- AHIP is urging HHS secretary Alex Azar to address adverse selection related to Medicaid or Medicare end stage renal disease (ESRD) in order to ensure that vulnerable beneficiaries continue to receive appropriate healthcare services.
AHIP asserted that steering Medicaid and Medicare beneficiaries into commercial coverage may create unsustainable premium and care costs for current commercial member populations.
“The undersigned groups share the goal of ensuring that our members and employees receive high-value care while keeping premiums affordable and sustainable,” AHIP said. “These recent disclosures have raised serious concerns and threaten to interfere in our collective ability to provide affordable health coverage.”
The group argued that providers are steering patients with ESRD into commercial health plans for financial gain instead of maintaining adequate renal care available through Medicaid or Medicare.
AHIP explained that providers may be incentivized to earn higher reimbursement amounts by moving patients from public payer coverage into commercial coverage.

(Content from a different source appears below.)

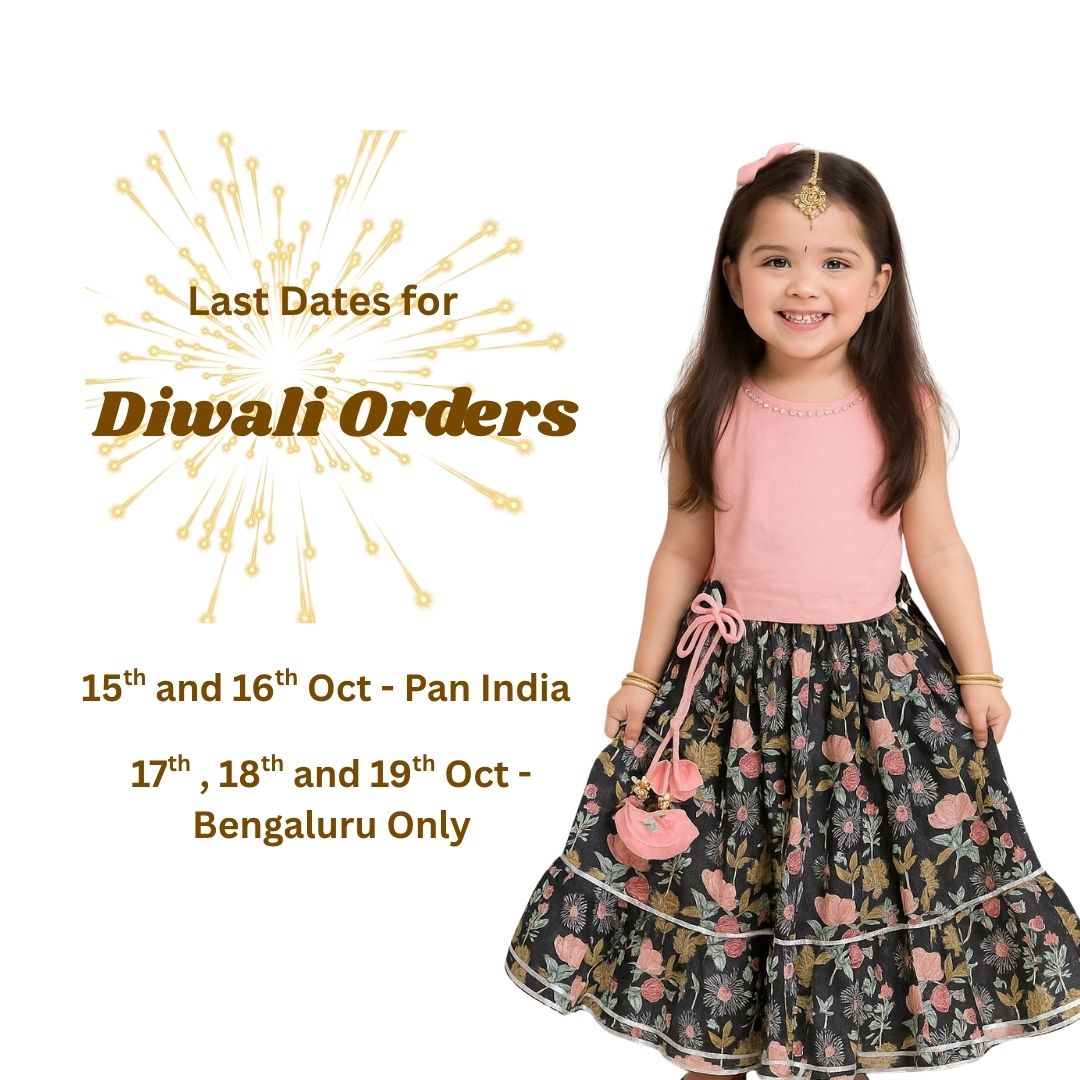 Peach And Black Floral Cotton Lehenga Set - Set of 2

“As demonstrated by evidence collected during an earlier rulemaking related to the [federal marketplace] Exchanges, dialysis providers are paying premiums through a financially interested third party—the American Kidney Fund—for ESRD patients in order to steer them away from Medicaid and Medicare and into commercial Exchange plans so that they can profit from the higher reimbursement rates paid by these issuers,” AHIP cautioned.
AHIP explained that financially motivated adverse selection creates gaps in critical ESRD care and life-saving procedures.
The letter argued that these practices create barriers to care coordination for all ESRD patients and barriers to kidney transplants for low-income individuals. Low-income individuals are especially affected as their premium costs increase and affordability becomes an additional barrier to ESRD care, AHIP said.
In addition, AHIP suggested that providers are gaming the employer-sponsored insurance market by maximizing profitability for ESRD care.
“One financial report reveals that this steering into the employer market generates $450 million a year in operating income for a single dialysis provider,” AHIP said.
The group cited financial estimates from JP Morgan & Chase that found third-party organizations urged individuals to elect COBRA coverage instead of other health plan options to maintain high profits.
AHIP urged CMS to use rulemaking procedures and take further actions to address the financial interests of third-parties in regard to ESRD care.
“For this reason, while rules governing third-party payments should enable legitimate organizations who are acting in good faith to provide consumer support, we strongly urge that CMS re-issue its rule on steering in the individual market and prohibit third-party payments made directly or indirectly by a financially-interested party,” AHIP concluded.
“When third parties with conflicts of interest and who gain financially intervene in the provision of health insurance benefits in a manner that changes the financial balance inherent in the relationship between payers and plan beneficiaries, to the detriment of the healthcare system, the results can be adverse for the individual being assisted, for other plan beneficiaries, and for the sustainability of commercial health plans as a whole,” the organization continued.
“We urge you to scrutinize these recent disclosures and to work collaboratively with us to ensure our employees and members receive the most appropriate coverage to which they are entitled.”